### RECORDS TO USE
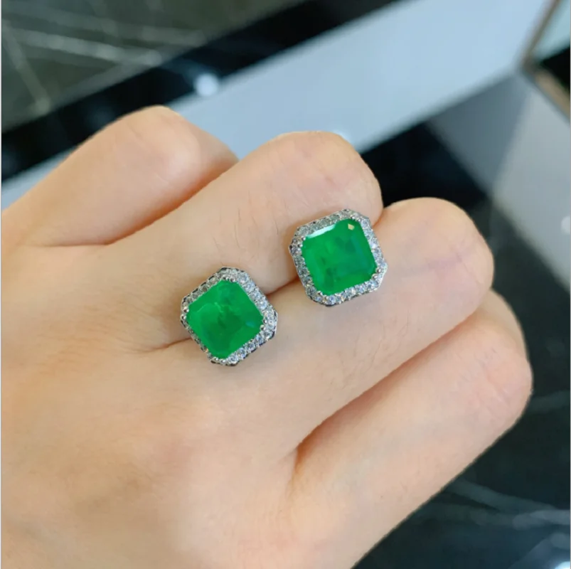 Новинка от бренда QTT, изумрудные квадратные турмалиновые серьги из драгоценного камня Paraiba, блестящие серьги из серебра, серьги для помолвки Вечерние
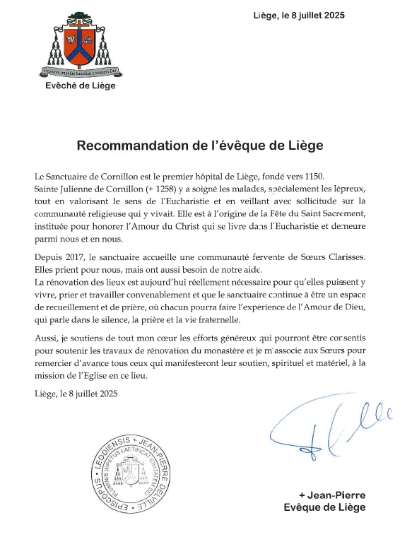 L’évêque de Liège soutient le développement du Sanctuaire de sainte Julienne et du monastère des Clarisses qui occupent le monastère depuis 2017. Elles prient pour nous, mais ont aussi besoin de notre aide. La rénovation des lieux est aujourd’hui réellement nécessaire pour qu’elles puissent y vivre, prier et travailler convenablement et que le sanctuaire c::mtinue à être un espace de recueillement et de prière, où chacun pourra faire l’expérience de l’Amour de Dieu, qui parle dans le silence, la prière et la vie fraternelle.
==
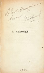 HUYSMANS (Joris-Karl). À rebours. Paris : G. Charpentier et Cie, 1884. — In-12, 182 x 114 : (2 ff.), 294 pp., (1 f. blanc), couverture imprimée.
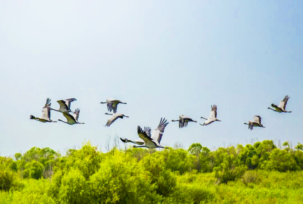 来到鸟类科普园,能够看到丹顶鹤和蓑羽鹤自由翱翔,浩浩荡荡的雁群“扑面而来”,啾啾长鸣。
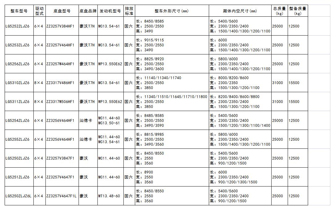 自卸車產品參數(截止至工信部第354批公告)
==
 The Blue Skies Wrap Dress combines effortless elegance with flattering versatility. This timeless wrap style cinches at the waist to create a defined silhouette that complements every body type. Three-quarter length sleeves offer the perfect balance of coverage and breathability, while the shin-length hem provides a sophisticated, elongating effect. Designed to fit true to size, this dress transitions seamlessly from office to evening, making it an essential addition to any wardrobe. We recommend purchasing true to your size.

### TASK TO CARRY OUT
Using the data above, retype exactly and only the lines from the one containing "HUYSMANS (Joris-Karl). À" up to and including the one containing "自卸車產品參數(截止至工信部第354批公告)", with no pictures carried over.

### TASK RESPONSE
 HUYSMANS (Joris-Karl). À rebours. Paris : G. Charpentier et Cie, 1884. — In-12, 182 x 114 : (2 ff.), 294 pp., (1 f. blanc), couverture imprimée.
 来到鸟类科普园,能够看到丹顶鹤和蓑羽鹤自由翱翔,浩浩荡荡的雁群“扑面而来”,啾啾长鸣。
 自卸車產品參數(截止至工信部第354批公告)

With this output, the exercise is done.